Directions:
Leaving out all pictures, write down exactly the lines from the one containing "Made In U.S.AStyle" through the last line of the material.

[Dataset section]

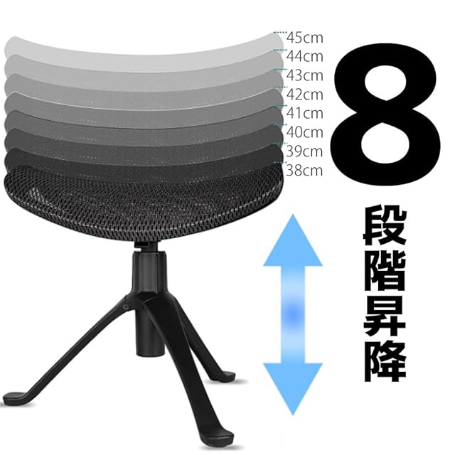 【8段階の高さ調整】8段階の高さ調整(38cm~45cm)ができ、お好みの高さでご使用できます。
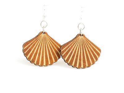 Made In U.S.AStyle # 1455Size 1" x 1.2"Shell EarringsSeashells are external skeletons of MollusksMade from sustainably sourced wood and 90% recycled display cards. Laser-cut wood Stained with water based dye Ear wires are silver-finished 304L stainless steel, hypoallergenic, and enhanced with a new, smooth and consistent electrophoretic coating that resists tarnishing.Earrings shown in color Cinnamon
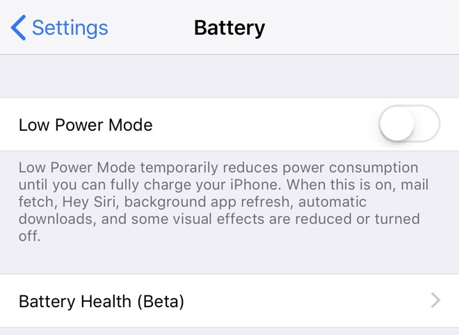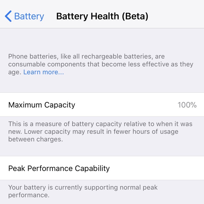 Battery Health (Beta) umožňuje uživateli zkontrolovat životnost a zbývající kapacitu baterie jeho přístroje, a také řídit jeho výkon. Tuto možnost Apple přidal na základě kauzy zpomalování svých zařízení po jejich aktualizaci na novější systém.

[/Dataset section]

Answer section:
 Made In U.S.AStyle # 1455Size 1" x 1.2"Shell EarringsSeashells are external skeletons of MollusksMade from sustainably sourced wood and 90% recycled display cards. Laser-cut wood Stained with water based dye Ear wires are silver-finished 304L stainless steel, hypoallergenic, and enhanced with a new, smooth and consistent electrophoretic coating that resists tarnishing.Earrings shown in color Cinnamon
 Battery Health (Beta) umožňuje uživateli zkontrolovat životnost a zbývající kapacitu baterie jeho přístroje, a také řídit jeho výkon. Tuto možnost Apple přidal na základě kauzy zpomalování svých zařízení po jejich aktualizaci na novější systém.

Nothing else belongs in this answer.